Parallèlement, la France a financé à crédit une politique sociale très généreuse. La population en-dessous du seuil de pauvreté (13,8%) est l’une des plus faibles du monde développé. Cela s’accompagne d’inégalités de revenus elles aussi les plus faibles du monde. Cela se mesure avec l’indicateur « gini » qui est à 0,259. Il était à 0,337 en 1970. Le rapport entre les revenus les plus élevés et les plus faibles est de 1 à 22 avant « redistribution » et de 1 à 5,6 après. L’effet redistributif est obtenu particulièrement avec l’impôt sur le revenu que seulement 43% des Français paient, avec une progressivité confiscatoire puisque 2% des ménages paient 40% des 78 milliards prélevés. Le rouleau compresseur fiscal est efficace, mais il est un frein énorme à l’investissement. L’Europe ne nous impose pas d’infliger à nos entreprises des charges supérieures de 8 points à la moyenne de ce que pratiquent nos partenaires de l’Union. Notre pays accumule ainsi de nombreux retards en innovation, en robotisation, donc en emplois non créés.
Fuite en avant par l’impôt et l’emprunt : erreur.

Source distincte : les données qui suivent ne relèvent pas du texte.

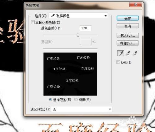 随后弹出“色彩规模”窗口,鼠标点击水印,恰当调整颜色容差,从而将彩色水印选中,点击“确定”。

Du coup le chômage de masse s’est installé : autour de 9% depuis trop longtemps. Il explique que dans les dix dernières années l’écart de richesse par habitant avec l’Allemagne s’est creusé de 13,6%. Pour financer sa politique dispendieuse et décourageante pour le travail, les dépenses publiques atteignent 57% du PIB, et les prélèvements ne suffisent pas : il manque près de 10 points de PIB, ce qui explique le déficit et l’accroissement de la dette. Cela se fait au détriment des classes moyennes. Ainsi depuis 2011, 60 milliards d’euros de prélèvements supplémentaires se sont réalisés à 90% sur les ménages. Parallèlement, les charges pesant sur les entreprises, ont peu évolué, conduisant au quasi gel des salaires. La conséquence, c’est qu’aujourd’hui, le revenu des retraités est en moyenne de 5% supérieur à celui des actifs. C’est anormal, mais ce qui est en cause c’est la faiblesse des salaires, pas les retraites acquises. Ce phénomène est aggravé par le déclin de la mobilité sociale à mettre en relation avec le déclin de la qualité des services publics, notamment dans la France des territoires.
L’emploi public pour compenser l’emploi privé : erreur.

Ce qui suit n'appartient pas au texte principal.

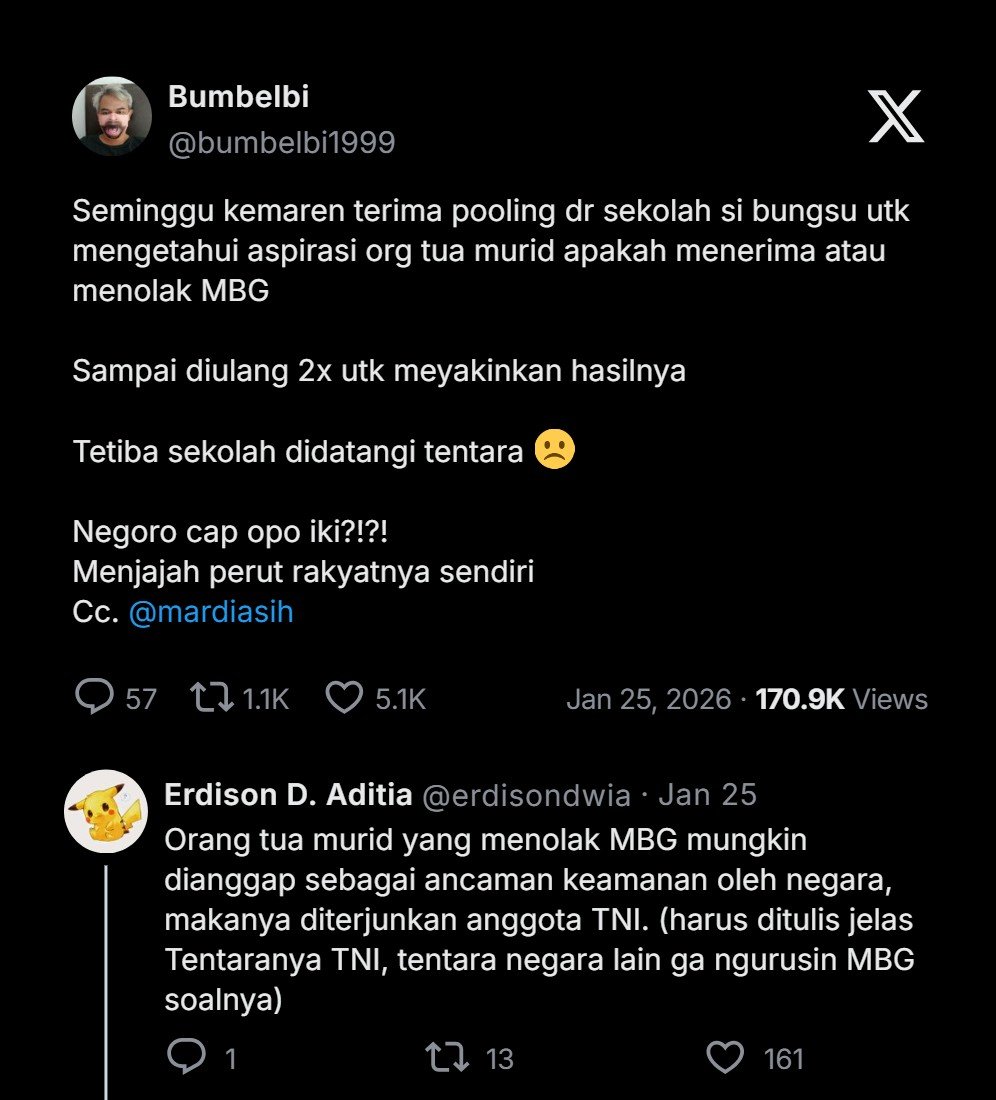 Cerita orang tua murid terkait MBG di sekolah anaknya, dituturkan akun X @bumbelbi1999:

Cerise sur le gâteau, nous avons une fonction publique pléthorique : la hausse du nombre des fonctionnaires dont le nombre avoisine les 6 millions, a augmenté de 47% depuis 1980 quand la population a augmenté de 24% dans le même temps. Deux fois plus vite : nous sommes donc sur-administrés. La « décentralisation » qui devait nous faire économiser a été souvent prétexte à embauches supplémentaires, mais pas que. L’Etat a souvent pratiqué la politique de l’emploi public pour freiner la hausse du chômage.
Pour bien mesurer le caractère insoutenable de notre modèle économique et social, ce palmarès finira de vous édifier : nous représentons 1% de la population mondiale, notre production participe pour 3% du PIB mondial et nos aides sociales pèsent à elles-seules 15% des aides sociales mondiales. Cherchez l’erreur ! Après on s’étonne que notre dette soit à 100% du PIB.
L’Europe bouc émissaire : erreur.
Dans cette affaire, l’Europe n’est en rien responsable de nos choix et de nos dérives. Elle aurait même plutôt servi de garde-fous par les contraintes que les traités nous imposent et que nous ne respectons pas toujours en matière de finances publiques. Affirmer que nous serions victimes du néolibéralisme européen est une escroquerie intellectuelle, alors qu’à bien des égards, notre pays présente tous les traits d’un pays fortement socialisé pour ne pas dire socialiste, car il faudrait rajouter tous les avantages mis "sous conditions de ressources". Ce qui est en cause c’est la politique keynésienne complètement inadaptée au contexte du monde contemporain que nos gouvernants mènent, sous l’influence d’une technocratie incapable de changer de modèle. La preuve, ils cherchent encore à augmenter les impôts.
Ce n’est pas le modèle néolibéral qui est en cause, comme l’affirme Michel Onfray, c’est le modèle keynésien qui est périmé. Dites-le à Bruno Le Maire si vous le rencontrez dans un débat.
*La plupart des chiffres sont fournis par Nicolas Baverez.